At the same time, Runcible has found what he believes to be Neanderthal remains in Carquinez, Marin County, and envisages rising property prices due to incipient archaeological interest and the avalanche of media coverage that naturally follows. As it turns out, however, Dombrosio is the culprit who modified and planted the modern human remains there to begin with. They are a legacy of the local 'chuppers' who developed facial, cranial and spinal deformations as a supposed result of the pollution of the local water supply.

The novel ends around Christmas - Dombrosio's situation is at status quo ante: Sherry now back in the house and five months pregnant, having decided to forfeit her job in the city to keep the baby Dombrosio forced on her. He overhears a Christmas party in progress at the Runcible's home, and briefly contemplates visiting to end his dispute with Runcible before deciding against it. Dombrosio is then visited by a vision of a future with his little family several years later, after Sherry has presumably given birth to a malformed baby boy due to the possible teratogenic properties of the local water supply. This vision leaves Dombrosio shaken, as his wife realizes he shares the same fears about their unborn child.

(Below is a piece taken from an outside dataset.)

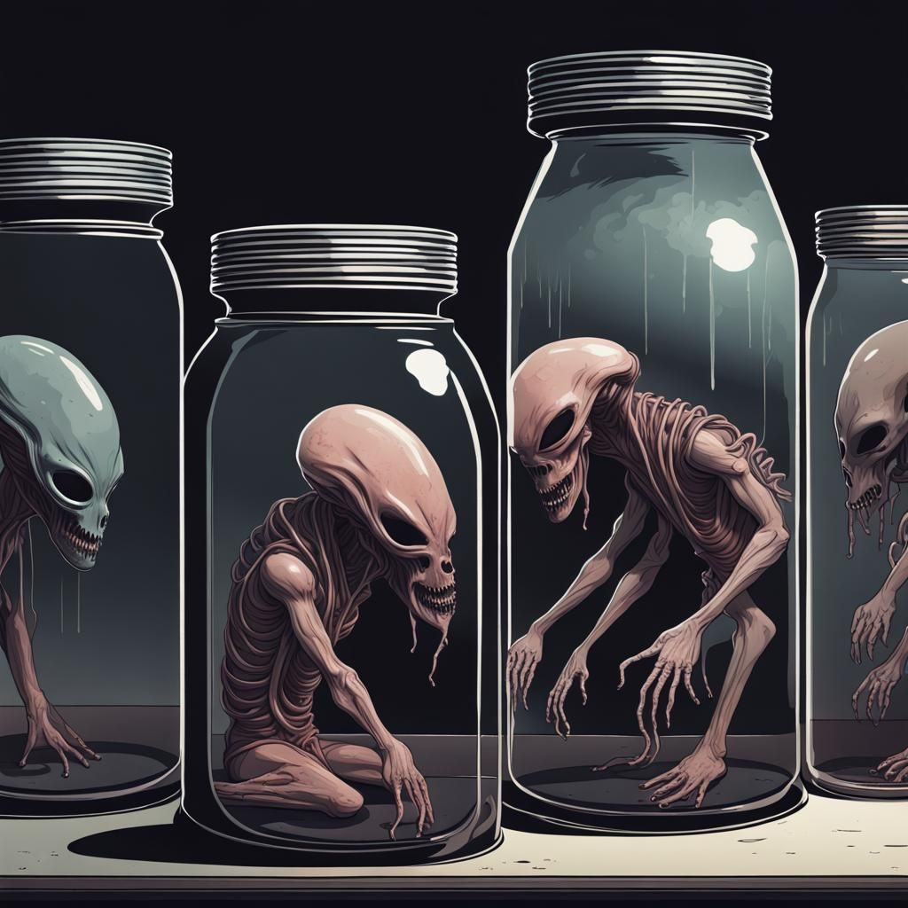 This image depicts alien body parts preserved within fluid-filled jars, creating a scene of horror and ghastliness. The dark, muted colors enhance the spine-chilling and evil atmosphere.
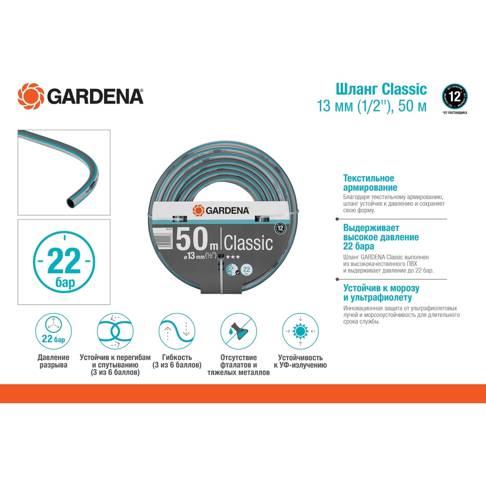 Шланг Classic 1/2", 50м Gardena 18010-20.000.00

Runcible faces bankruptcy, having decided to purchase the local water company to ensure high standards of water availability for the community. The purchase of the water company has cost Runcible considerably and he is unable to make the monthly payments due on his home. Despite his principled choice to serve clean water to the community regardless of the cost to himself, he remains consumed with anger and resentment against the local community for their ingratitude at his efforts to improve the area.